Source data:
━━━━━━━━━━━━━━━━━━━━━━━━━━━━━━
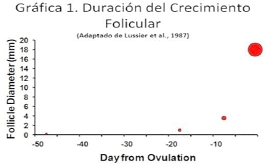 El patrón de crecimiento de ondas foliculares en ganado lechero ha sido descrito en detalle por muchos autores desde entonces. Es así como, por ejemplo, la variación en el número de ondas foliculares por ciclo estral fue inicialmente asociada a factores como raza, balance energético, estado de lactancia, y número de partos. Estudios posteriores (Sartori et al., 2001, Buttler et al., 1989) concluyeron que la ingesta de materia seca, e indirectamente la producción de leche, está fuertemente asociada con las variaciones en el número de ondas foliculares por ciclo estral, siendo menor el numero de ondas por ciclo para animales de alto consumo y mayor para animales de bajo consumo. Hoy también entendemos que la duración de una onda folicular desde su emergencia es de 6 a 10 días dependiendo del número de ondas por ciclo estral.
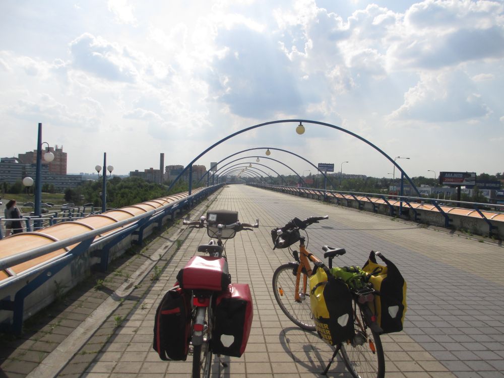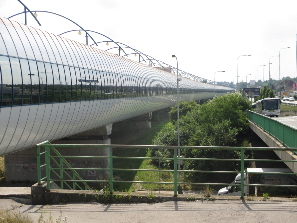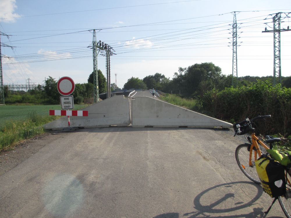 Und schließlich wird die Strecke zum Problem, wenn sie einfach nicht zu finden ist. Kurz vor Prag an diesem S-Bahnhof war der Radweg verschwunden. Rundherum Schnellstraßen, die man mit dem Rad nicht befahren durfte. Die Karte und auch das Navi zeigten aber eindeutig, dass der Weg hier weiterführen musste. Nach längerem Suchen fanden wir den Radweg AUF der S-Bahnröhre , hier fuhren wir dann hoch über dem übrigen Verkehr in Richtung Prager Innenstadt.
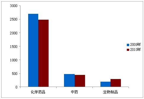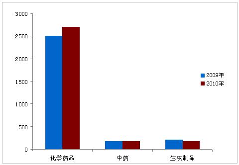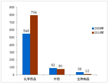 與2009年相比,2010年批準進入臨床研究的化學藥品和生物制品均有所增加,批準進入臨床研究的藥物總數也有所增加。
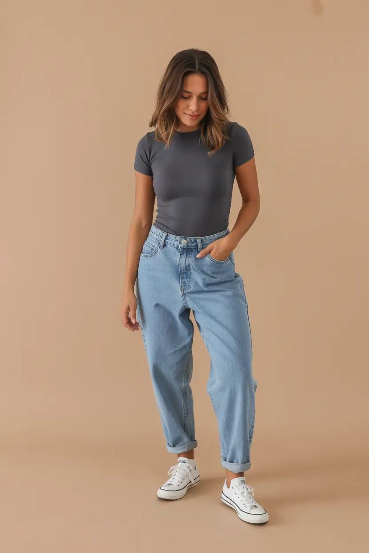 Comfortable mom fit jeans with a relaxed and trendy style.
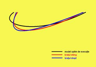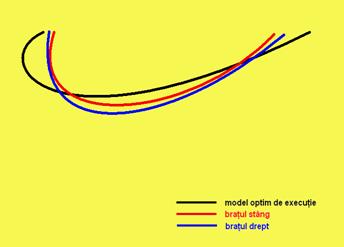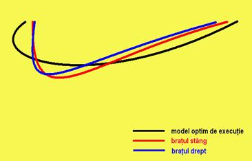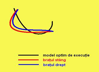 Dupa analiza amanuntita a inregistrarilor efectuate in cadrul experimentului pilot au fost elaborate conturogramele miscarii bratelor in drumul acvatic care reprezinta sub forma grafica, traiectoria miscarii executate. Aceste conturograme sunt prezentate mai jos, insotite de greselile de executie ale fiecarui subiect la fiecare procedeu de inot sportiv
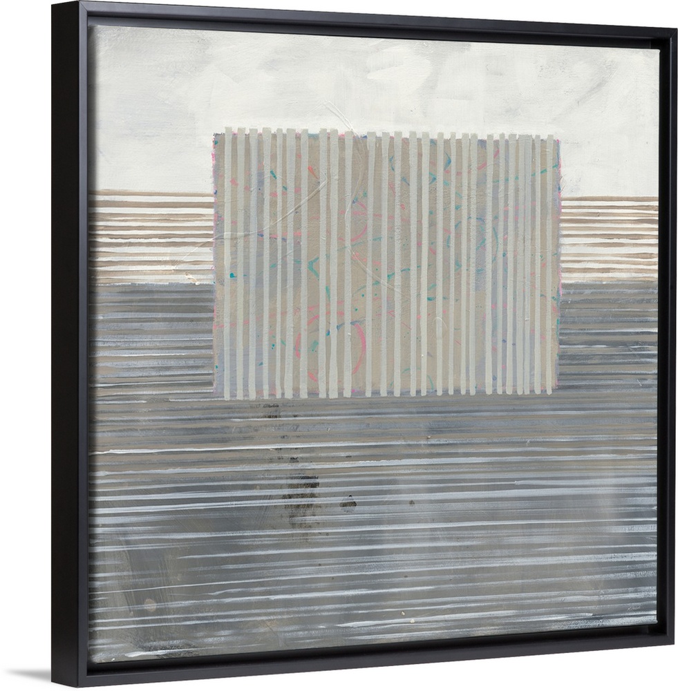 <p>Square abstract painting in neutral colors with thin horizontal lines on the background and short vertical lines in the shape of a rectangle on top with soft pink and blue designs.</p>
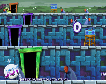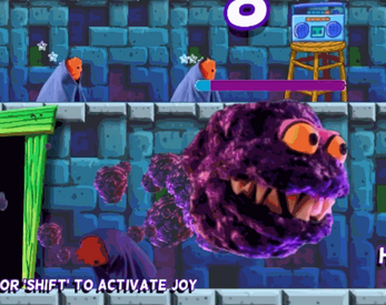 Help stop The Sadness Monster from spreading sadness by spreading joy! Dance in front of a boombox to charge up your Joy Meter. When your Joy Meter is fully charged activate your Joy Ability by pressing E or Shift. Run past as many villagers as you can to make them happy! You only have 10 seconds before you need to charge your Joy Meter again. Try to make everyone happy before the countdown ends. (Hint: Is there someone else besides the villagers you can make happy?)
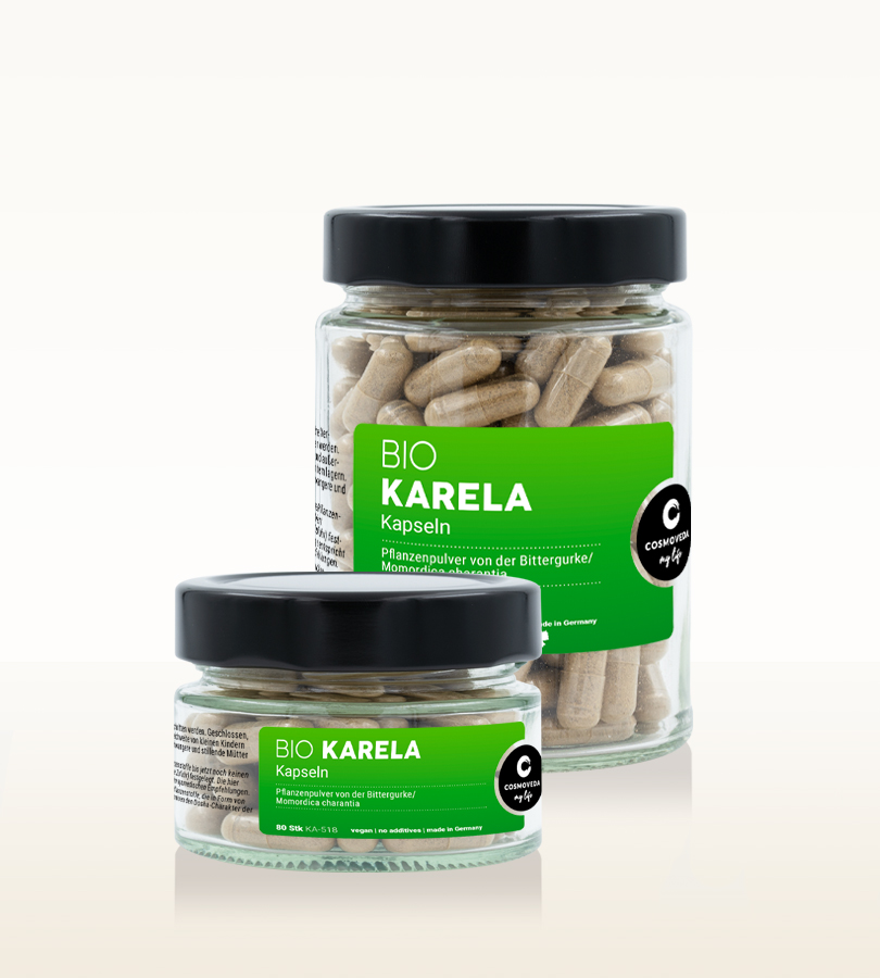 Karela - Momordica charantia - ist eine als Bittergurke bekannte einjährige Kletterpflanze mit handförmigen, fünflappigen Blättern aus deren gelben Blüten sich gurkenähliche, genoppte, leicht gebogene Früchte entwickeln, die anfangs grün sind und in der Reife orangegelb werden. In der ayurvedischen Ernährung werden die Früchte, Samen und Blätter verwendet. Das in unserer Produktion fein und schonend (unter 40°C) vermahlene Pulver aus den Früchten stammt aus unseren Indischen und Srilankesischen Fair Trade und Bio Projekten.
━━━━━━━━━━━━━━━━━━━━━━━━━━━━━━
Your goal:
The records above should be written out in full and unchanged, except that pictures are dropped.

Answer section:
 El patrón de crecimiento de ondas foliculares en ganado lechero ha sido descrito en detalle por muchos autores desde entonces. Es así como, por ejemplo, la variación en el número de ondas foliculares por ciclo estral fue inicialmente asociada a factores como raza, balance energético, estado de lactancia, y número de partos. Estudios posteriores (Sartori et al., 2001, Buttler et al., 1989) concluyeron que la ingesta de materia seca, e indirectamente la producción de leche, está fuertemente asociada con las variaciones en el número de ondas foliculares por ciclo estral, siendo menor el numero de ondas por ciclo para animales de alto consumo y mayor para animales de bajo consumo. Hoy también entendemos que la duración de una onda folicular desde su emergencia es de 6 a 10 días dependiendo del número de ondas por ciclo estral.
 Und schließlich wird die Strecke zum Problem, wenn sie einfach nicht zu finden ist. Kurz vor Prag an diesem S-Bahnhof war der Radweg verschwunden. Rundherum Schnellstraßen, die man mit dem Rad nicht befahren durfte. Die Karte und auch das Navi zeigten aber eindeutig, dass der Weg hier weiterführen musste. Nach längerem Suchen fanden wir den Radweg AUF der S-Bahnröhre , hier fuhren wir dann hoch über dem übrigen Verkehr in Richtung Prager Innenstadt.
 與2009年相比,2010年批準進入臨床研究的化學藥品和生物制品均有所增加,批準進入臨床研究的藥物總數也有所增加。
 Comfortable mom fit jeans with a relaxed and trendy style.
 Dupa analiza amanuntita a inregistrarilor efectuate in cadrul experimentului pilot au fost elaborate conturogramele miscarii bratelor in drumul acvatic care reprezinta sub forma grafica, traiectoria miscarii executate. Aceste conturograme sunt prezentate mai jos, insotite de greselile de executie ale fiecarui subiect la fiecare procedeu de inot sportiv
 <p>Square abstract painting in neutral colors with thin horizontal lines on the background and short vertical lines in the shape of a rectangle on top with soft pink and blue designs.</p>
 Help stop The Sadness Monster from spreading sadness by spreading joy! Dance in front of a boombox to charge up your Joy Meter. When your Joy Meter is fully charged activate your Joy Ability by pressing E or Shift. Run past as many villagers as you can to make them happy! You only have 10 seconds before you need to charge your Joy Meter again. Try to make everyone happy before the countdown ends. (Hint: Is there someone else besides the villagers you can make happy?)
 Karela - Momordica charantia - ist eine als Bittergurke bekannte einjährige Kletterpflanze mit handförmigen, fünflappigen Blättern aus deren gelben Blüten sich gurkenähliche, genoppte, leicht gebogene Früchte entwickeln, die anfangs grün sind und in der Reife orangegelb werden. In der ayurvedischen Ernährung werden die Früchte, Samen und Blätter verwendet. Das in unserer Produktion fein und schonend (unter 40°C) vermahlene Pulver aus den Früchten stammt aus unseren Indischen und Srilankesischen Fair Trade und Bio Projekten.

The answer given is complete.